Centretown’s food banks are adapting to COVID, but need your help

This story is a web exclusive, to keep you up to date on how the COVID-19 emergency is affecting our community.

by Alayne McGregor

The COVID-19 pandemic has put the Centretown Emergency Food Centre on thin ice – and it could use your help.

On Monday, coordinator Kerry Kaiser couldn’t buy many of the staples – beef, chicken, sugar, toilet paper, soup – which she needed for the food bank’s clients. Local grocer Massine’s has agreed to set aside groceries for the centre for its Thursday clients, but she’s still worried about the future.

But she’s been cheered by “wonderful acts of kindness.” When the Lieutenant’s Pump pub on Elgin temporarily closed for the emergency, it donated all the produce it had on hand to the centre.

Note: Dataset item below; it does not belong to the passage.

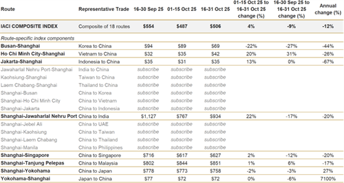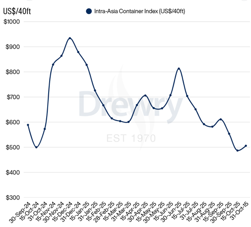 Drewry亞洲內集裝箱運價指數(IACI)在10月下半月上漲4%,收于506美元/FEU。IACI是亞洲區域內18條主要航線的現貨運價加權平均值,目前比2024年同期的水平低12%。

The pub’s staff brought in “boxes of fresh produce, beautiful stuff. They’d rather give it to us than let it go to waste.”

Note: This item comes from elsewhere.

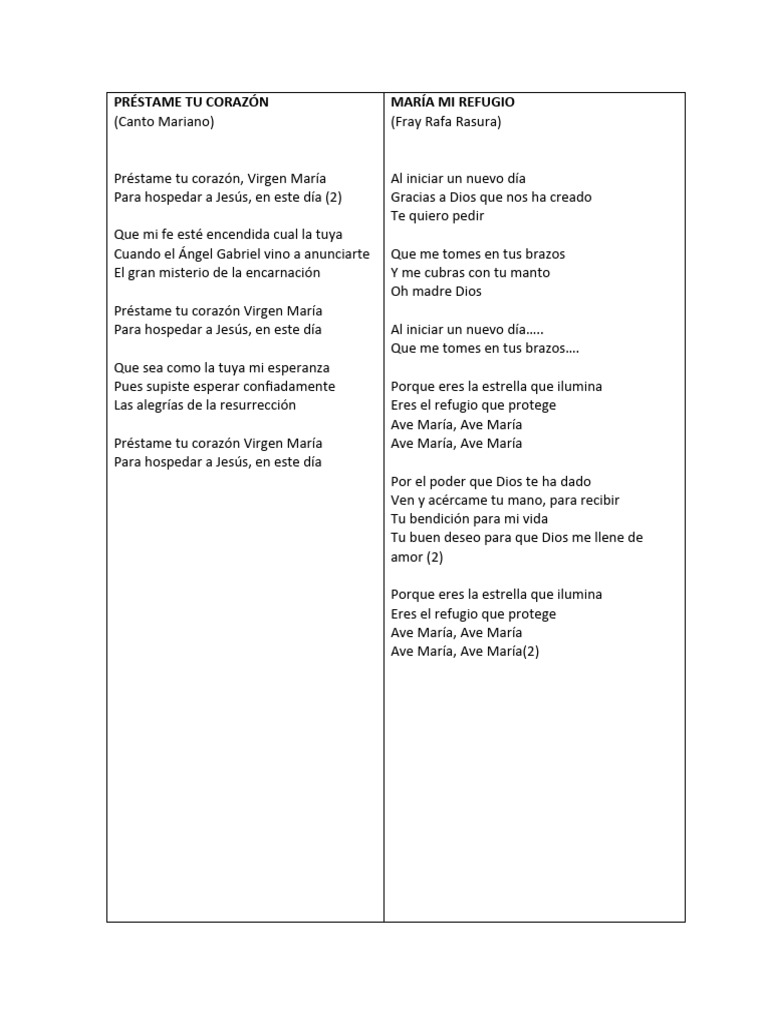 Préstame tu corazón, Virgen María Al iniciar un nuevo día

The centre, which has been in regular operation for 40 years, is located at 507 Bank Street in the basement of Centretown United Church. It serves those in need who live in the Centretown area bordered by Lyon Street, Wellington Street, Billings Bridge and Main Street, and distributes food from noon to 2 p.m. four days a week: Monday, Tuesday, Thursday, and Friday.

Before COVID, clients could pick which food products they needed from the centre’s shelves, but that did not allow the now-necessary social distancing. Kaiser said the centre’s volunteers are now preparing standard bags of groceries; clients are asked to pick up their bags and leave immediately.

On Monday, they served 78, and on Tuesday more than 30. “The system is working really well, but there’s no guarantee it will stay that way.”

The centre has received many offers of volunteer time, she said, but they don’t need it right now. They’ve also asked senior-age volunteers not to come in to avoid risking them being exposed to infection.

What they do need is donations of any amount, either online or by cheque. “This is setting us right back financially.”

Currently the centre is also helping some clients from other parts of Ottawa where food banks have closed, but Kaiser said they may have to restrict their help just to Centretown residents “if the situation gets worse. Right now we’re assessing it on a day to day basis.”

She suggested that the provincial government consider giving an emergency top-up to social assistance recipients so they could buy food themselves. Even an extra $100 top-up would help, she said, and would allow food banks to regroup.

If the COVID-19 emergency lasts more than two to three weeks, the situation will get more difficult, Kaiser said. The centre survives on donations and its volunteer base. If it can’t use volunteers, its survival is threatened, and if clients get ill, they put the centre’s two staff and 70 volunteers at risk.

There’s a possibility the city or province could order the food banks to shut down. “But we will go and give as long as we can.”

The western part of Centretown is served by the Dalhousie Food Cupboard. It’s located in Suite 107 in the Bronson Centre, at 211 Bronson Avenue north of Somerset Street, and is open from 10:30 a.m. to 2:30 pm on Wednesdays and Thursdays. It serves those living from Lyon Street to Breezehill Avenue, and between Carling Avenue and the Ottawa River.

The Cupboard says on its website that it’s also changing how it distributes food. It has created a separate take-out zone down the hall from its intake area so that clients can pack their own orders as soon as volunteers gather their goods from the Cupboard’s fridge and shelves. It has also staggered access to reception and intake areas, creating physical space within client waiting zones, and increased its disinfecting, cleaning, and use of disposable gloves.

You can donate online to the Centretown Emergency Food Centre at https://www.canadahelps.org/en/charities/centretown-churches-social-action-committee/. Choose “Emergency Food Centre Fund” on the form. You can also mail or bring cheques to the centre at 507 Bank Street anytime between 8:30 a.m. and 2 p.m.

You can donate online to the Dalhousie Food Cupboard at https://www.dalhousiefoodcupboard.ca/donate.html . You can also send cheques payable to “Dalhousie Food Action Group Inc” to 211 Bronson Ave, Suite 107.

Both food banks are registered charities.